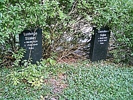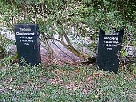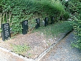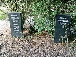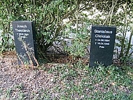Auf dem Friedhof Langelsheim: Eine Reihe Kriegsgräbern vor einer wuchernden Hecke am Friedhofsrand. Neuere Grabsteine auf ungepflegtem Beet. Eingefasst mit Steinumrandung. Laut öffentlichem Ortsratsprotokoll der Stadt Langelsheim v. 8.11.2017 Punkt 5.3. Kriegsgräber, Polengräber genannt
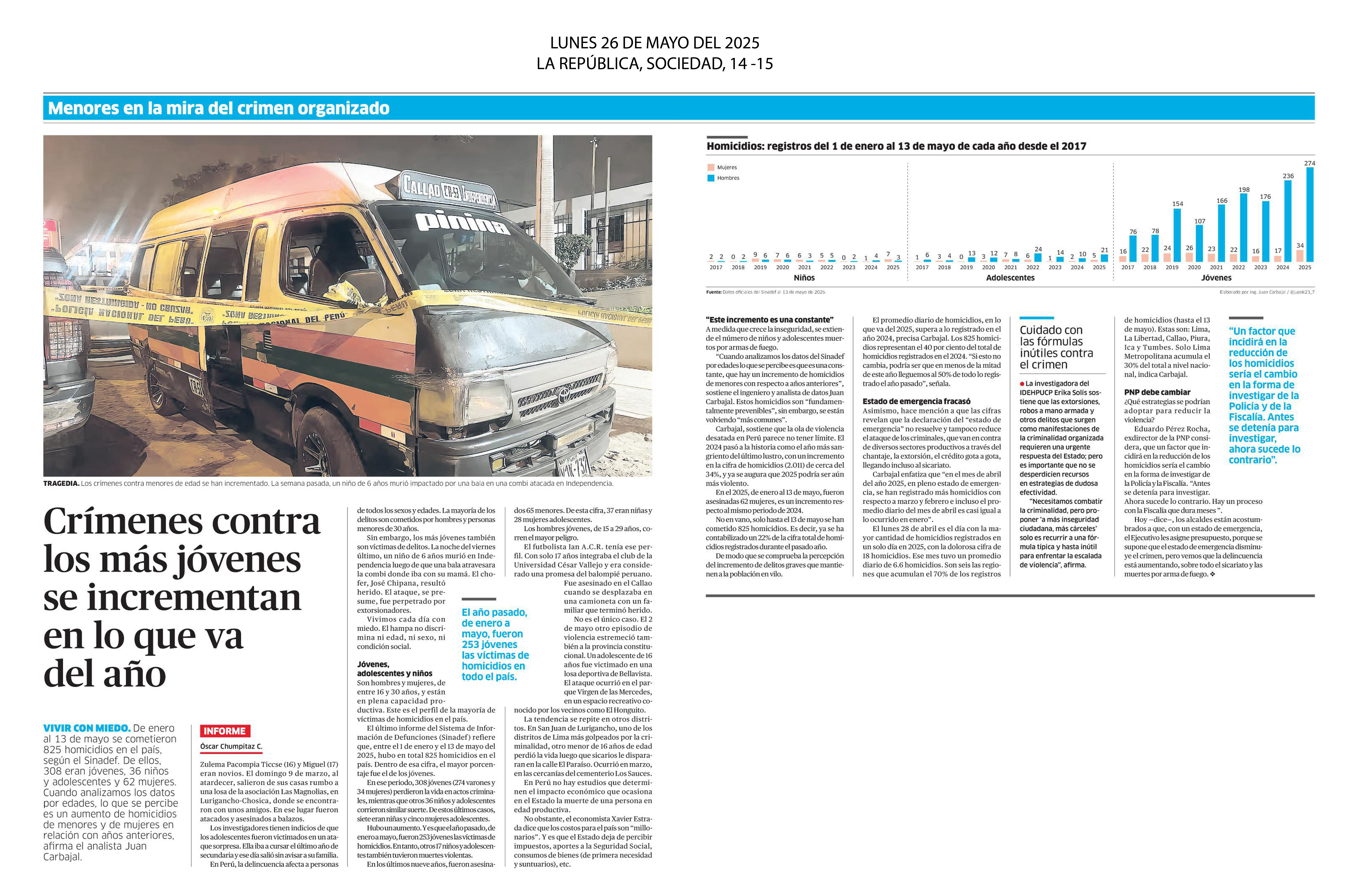 De enero al 13 de mayo se cometieron 825 homicidios en el país, según el Sinadef. De ellos, 308 era jóvenes, 36 miños y adolescentes y 62 mujeres. Cuando analizamos los datos por edades, lo que se percibe es un aumento de homicidios de menores y de mujeres en relación con años anteriores, afirma el analista Juan Carbajal. El mes de mayo tuvo un promedio diario de 6.6 homicidios. Son seis las regiones que acumulan el 70% de los registros de homicidios (hasta el 13 de mayo). Esta son: Lima, La Libertad, Callao, Piura, Ica y Tumbes.
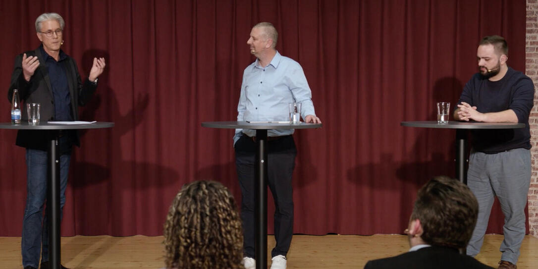 Karl Malin (VU), Marcel Kaufmann (FBP) und Samuel Schurte (Junge Liste, v. l.) stellten sich den Fragen von Valeska Blank («Vaterland») und Hannes Matt («Volksblatt»).
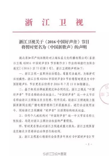 迫于版权压力,灿星最终将《2016中国好声音》改名为《中国新歌声》。
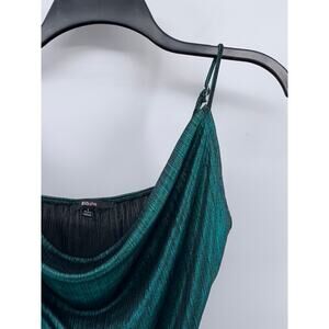 BLA SHE Women's Dark Green Metallic Cowl-Neck Spaghetti Strap Bodysuit SZ L
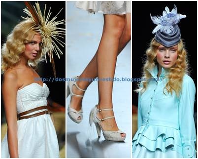 .- Agatha Ruiz de la Prada. Fiel a su estilo nos presenta una colección con prendas coloridas y de formas geométricas y volumétricas. Destacamos los vestidos, pantalones, shorts confeccionados en tejidos muy veraniegos de formas esféricas, cuadradas o rectangulares. Los tejidos empleados para ello son los tafetanes, linos, sedas, el demin o el plástico nacarado. La paleta cromática es muy rica, vimos amarillos, naranjas, rojo, fucsia, turquesa y azul. Cabe destacar las menorquinas con plataforma, sandalias de cuña de madera con tacones de colores, turbantes de diversos tamaños y formas.
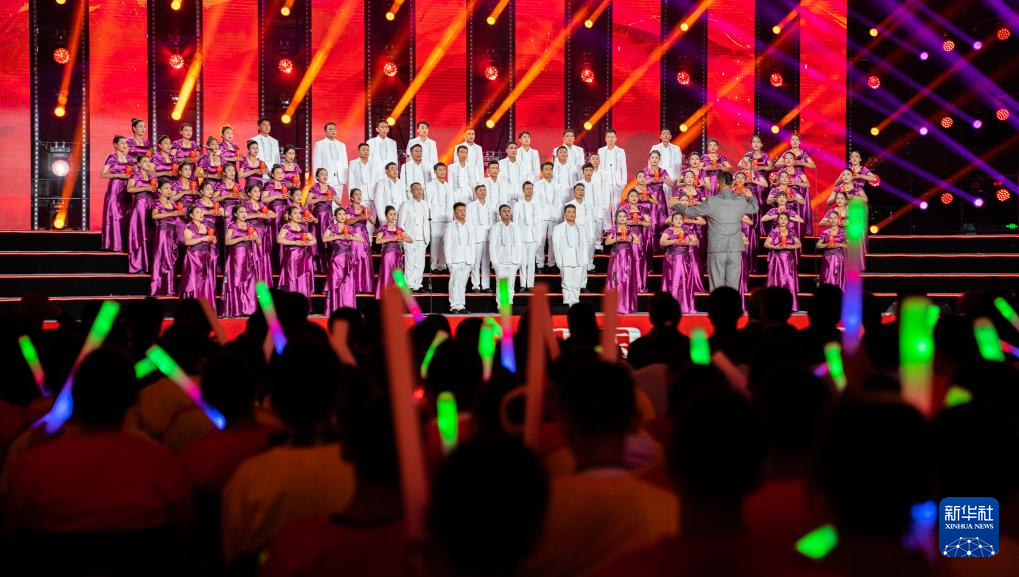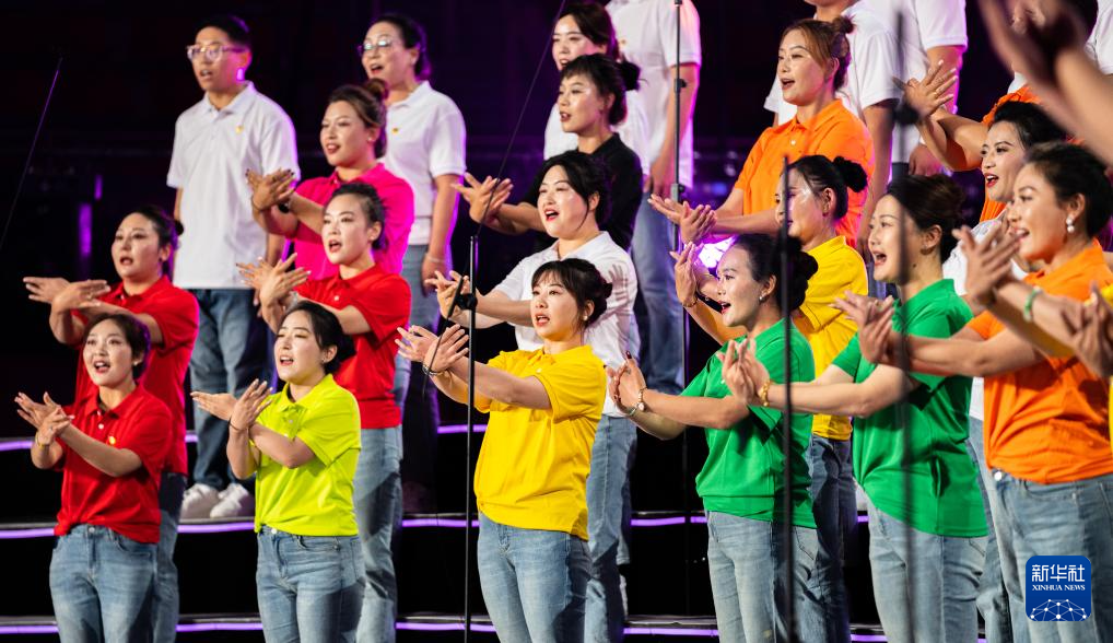 參賽隊(duì)伍在合唱大賽上演繹曲目(9月25日攝)。新華社記者 丁增尼達(dá) 攝
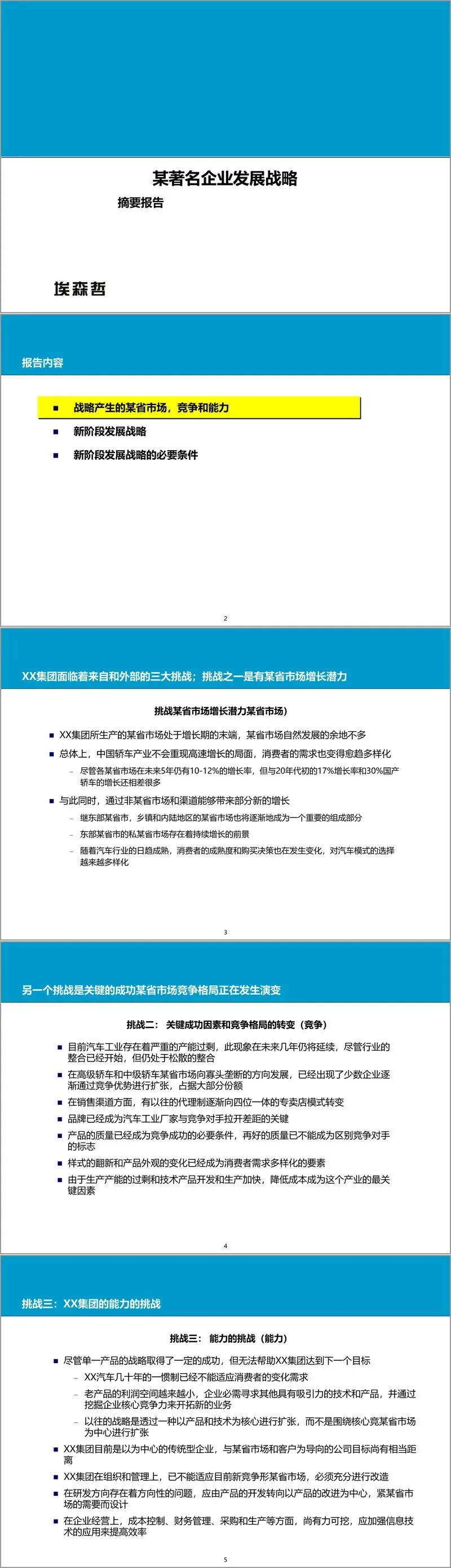 在汽车行业增速放缓、竞争加剧与消费需求升级的多重背景下,企业发展战略的迭代升级成为突破增长瓶颈的关键。这份聚焦某著名企业发展战略的摘要报告,以市场、竞争、能力三维分析为核心,系统梳理了企业面临的内外部挑战,构建了新阶段战略框架与落地路径,为理解汽车行业转型逻辑与企业战略抉择提供了深度参考。
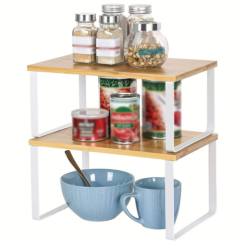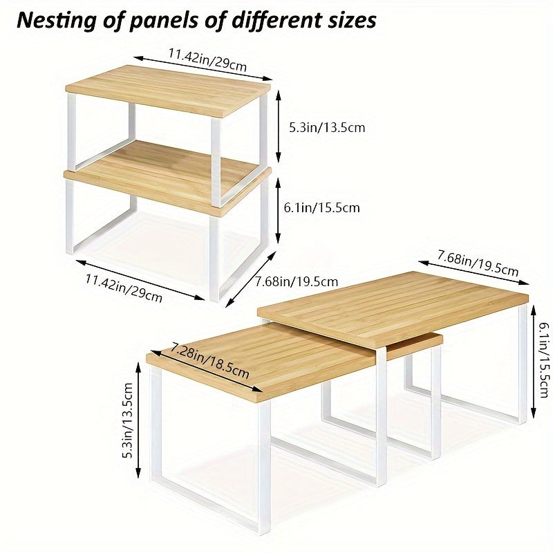2 ta Rustik Yog'och Shkaf Polka Tashkiliy, Oshxona uchun Qatlamli Ziravorlar Racklari, Countertoplar uchun Ko'p Maqsadli Kengaytiriladigan Saqlash Polkalari, Hammom Tashkiliy Yechimi, MDF Qattiq Yog'ochdan Yasalgan, Ochiq Saqlash Usuli, Montaj Zarur
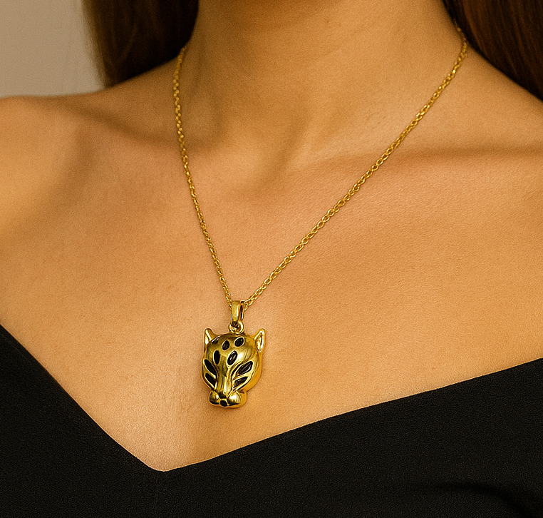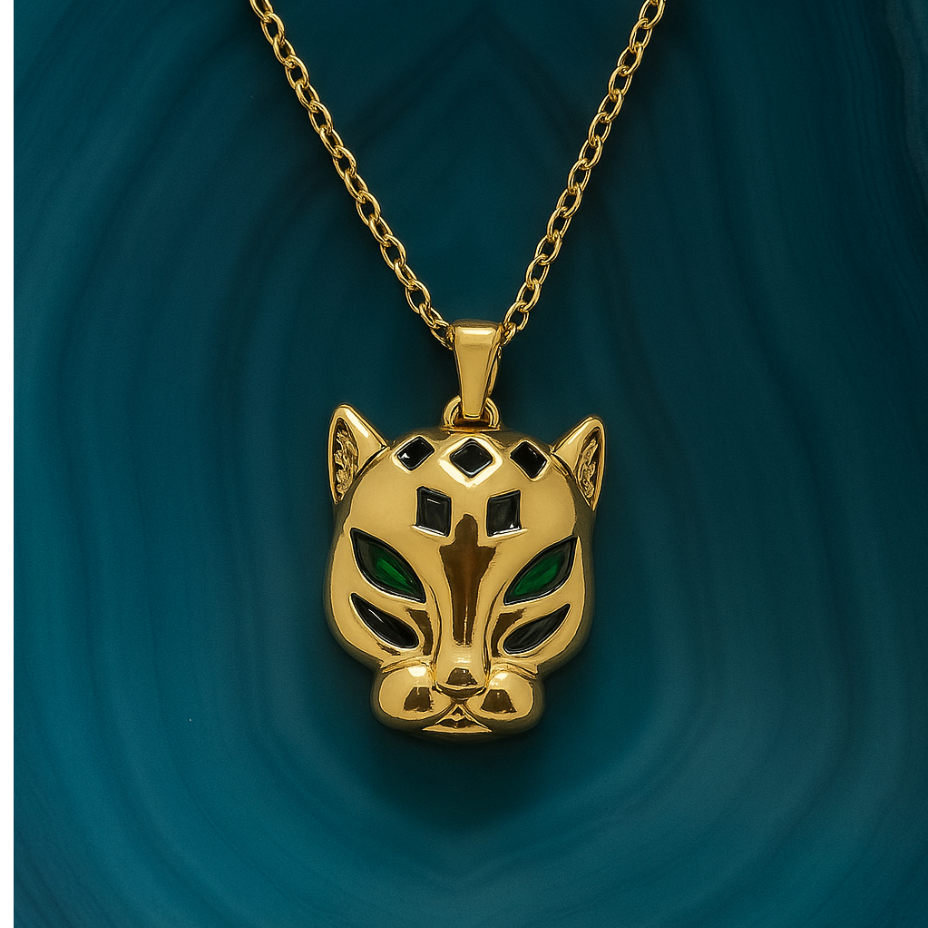 Unleash bold elegance with the Anti-Tarnish Panther Charm Necklace. This striking gold-tone necklace features a fierce panther head pendant, detailed with black enamel accents and mesmerizing green eyes. Designed with an anti-tarnish coating, it ensures long-lasting shine and durability. A statement piece that symbolizes strength, power, and confidence — perfect for both casual wear and special occasions.
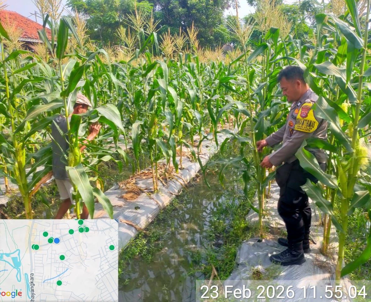 Personil Bhabinkamtibmas Polsek Purwakarta aktif dalam selalu melaksanakan Cek Tanaman Jagung Untuk Ketahanan Pangan
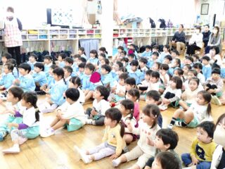 司会の先生から七五三についての話とクイズで七五三のことを学びました。
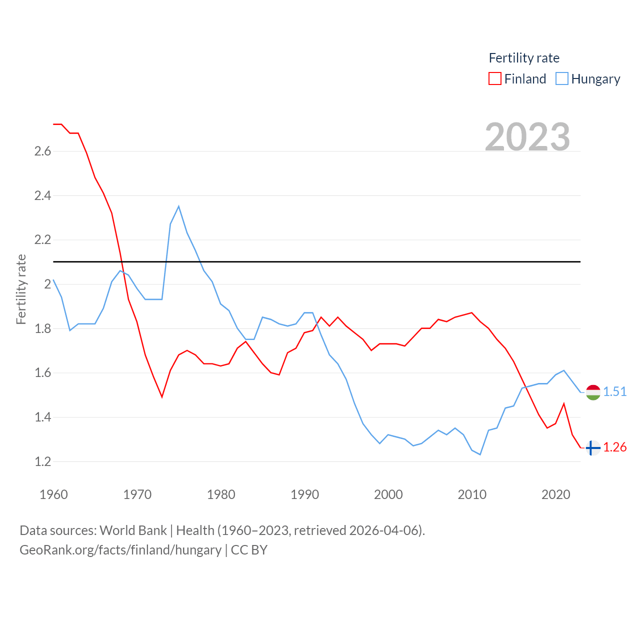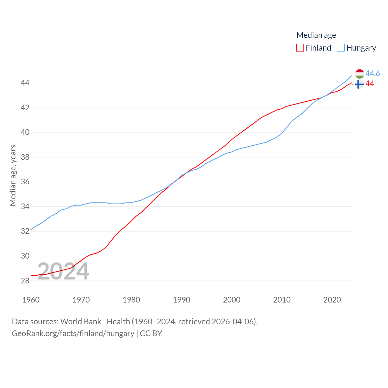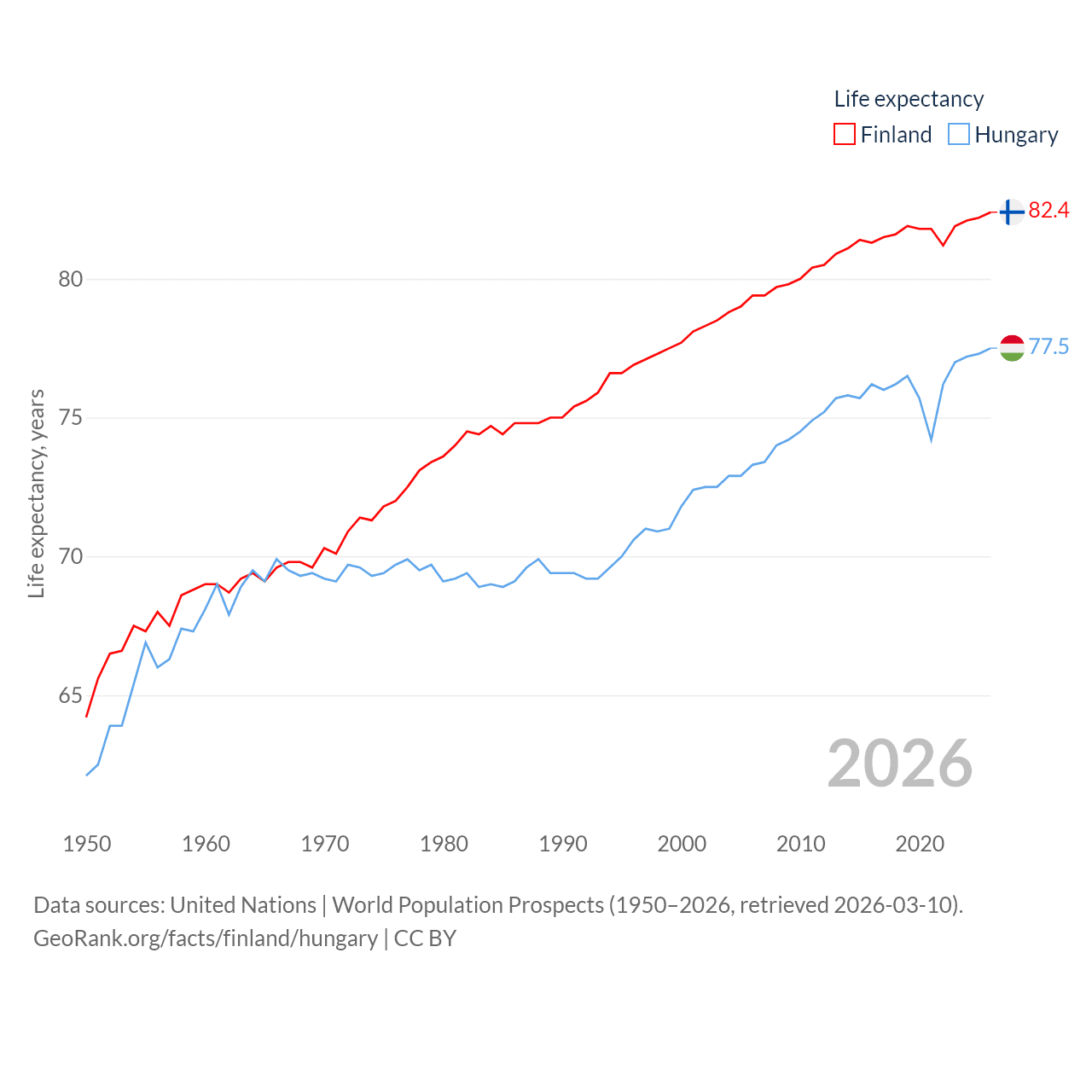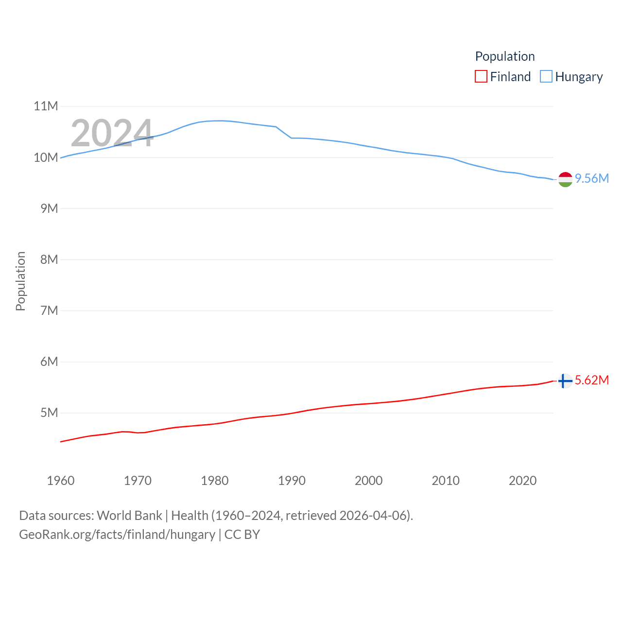 Finland has a population of 5.62M (ranked 116/197), compared with 9.56M in Hungary (ranked 97/197). Finland's land area is 117,360 sq mi versus 35,236 sq mi for Hungary (ranked 70th vs. 109th).
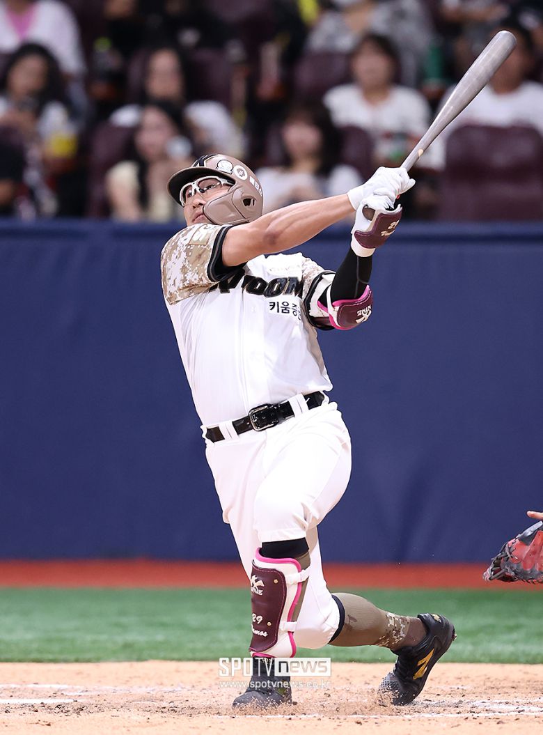 양팀이 6-6으로 맞서고 있는 상황. 성영탁은 임지열과 상대했고 볼카운트 2B 1S에서 시속 134km 커터를 던졌으나 결국 좌중월 3점홈런을 맞고 좌절했다. 키움에 6-9 리드를 허용한 것. 비거리는 125m가 측정됐다.
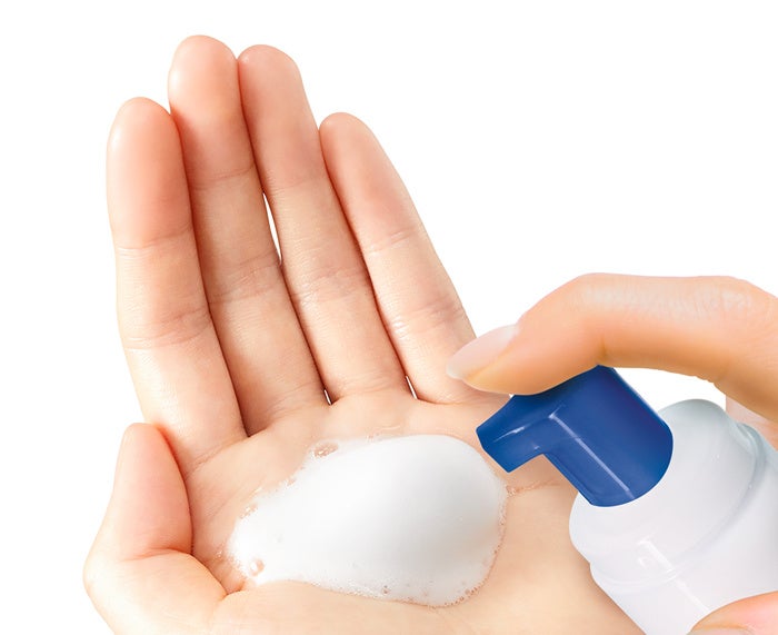 ・泡で出るので、1回分の量を手に取るとき、ポンプを押し切っても飛び散らず、こぼれにくい設計。

☆ ☆ ☆ ☆ ☆

TO DO: An exact copy of the lines from the line containing "양팀이 6-6으로 맞서고" through the final line of the listing, without pictures, is the expected result.

EXERCISE ANSWER:
 양팀이 6-6으로 맞서고 있는 상황. 성영탁은 임지열과 상대했고 볼카운트 2B 1S에서 시속 134km 커터를 던졌으나 결국 좌중월 3점홈런을 맞고 좌절했다. 키움에 6-9 리드를 허용한 것. 비거리는 125m가 측정됐다.
 ・泡で出るので、1回分の量を手に取るとき、ポンプを押し切っても飛び散らず、こぼれにくい設計。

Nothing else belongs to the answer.